● COLLECTED DATA
=======

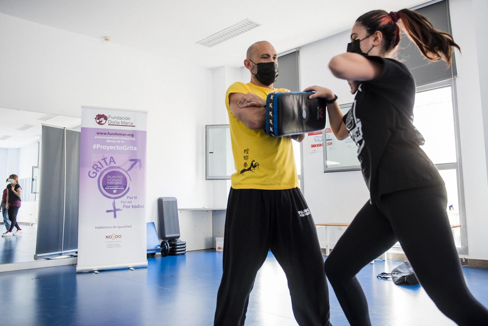 El Proyecto Grita facilita estas dinámicas con el fin de erradicar la violencia sexual, a través de diferentes áreas de actuación centradas en el fomento de un pensamiento crítico entre la población joven sobre los modelos de masculinidad y feminidad sexistas, el análisis de las formas de violencia dentro de las relaciones y la activación de la conciencia y respuesta ciudadana contra estas agresiones. En este caso, un grupo intergeneracional de mujeres participan en unas jornadas gratuitas de sensibilización sobre el acoso sexual, especialmente en zonas deportivas y de ocio, con una parte práctica de recursos en defensa personal en el Centro Deportivo San Luis.
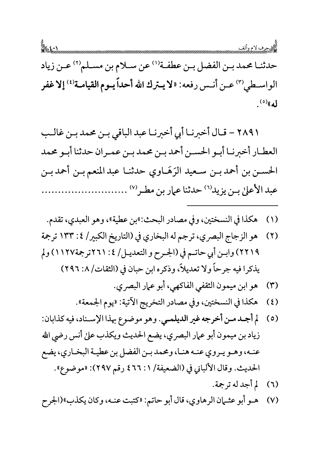 حدثنا محمد بن الفضل بن عطفة (¬١) عن سلام بن مسلم (¬٢) عن زياد الواسطي (¬٣) عن أنس رفعه: "لا يترك الله أحدًا يوم القيامة (¬٤) إلَّا غفر له" (¬٥).
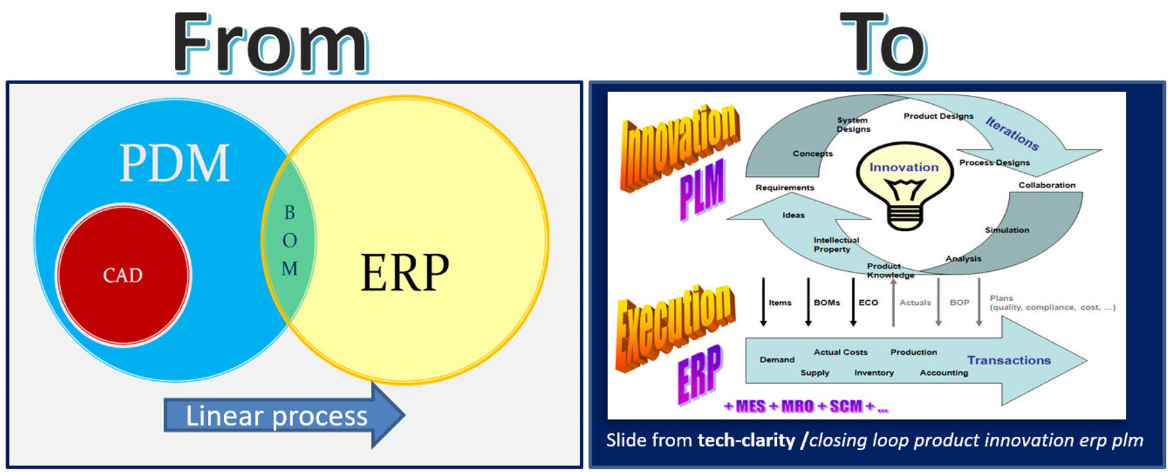 The image on the right describes perfectly the complementary roles of PLM and ERP. The image on the left shows the typical PDM-approach. PDM feeding ERP in a linear process. The image on the right, I believe it is from 2004, shows the best practice before digital transformation. PLM is supporting product innovation in an iterative approach, pushing released information to ERP for execution.

=======

● WHAT YOU NEED TO DO
All of the listing above has to be reproduced exactly, though without its images.

● RESPONSE BOX
 El Proyecto Grita facilita estas dinámicas con el fin de erradicar la violencia sexual, a través de diferentes áreas de actuación centradas en el fomento de un pensamiento crítico entre la población joven sobre los modelos de masculinidad y feminidad sexistas, el análisis de las formas de violencia dentro de las relaciones y la activación de la conciencia y respuesta ciudadana contra estas agresiones. En este caso, un grupo intergeneracional de mujeres participan en unas jornadas gratuitas de sensibilización sobre el acoso sexual, especialmente en zonas deportivas y de ocio, con una parte práctica de recursos en defensa personal en el Centro Deportivo San Luis.
 حدثنا محمد بن الفضل بن عطفة (¬١) عن سلام بن مسلم (¬٢) عن زياد الواسطي (¬٣) عن أنس رفعه: "لا يترك الله أحدًا يوم القيامة (¬٤) إلَّا غفر له" (¬٥).
 The image on the right describes perfectly the complementary roles of PLM and ERP. The image on the left shows the typical PDM-approach. PDM feeding ERP in a linear process. The image on the right, I believe it is from 2004, shows the best practice before digital transformation. PLM is supporting product innovation in an iterative approach, pushing released information to ERP for execution.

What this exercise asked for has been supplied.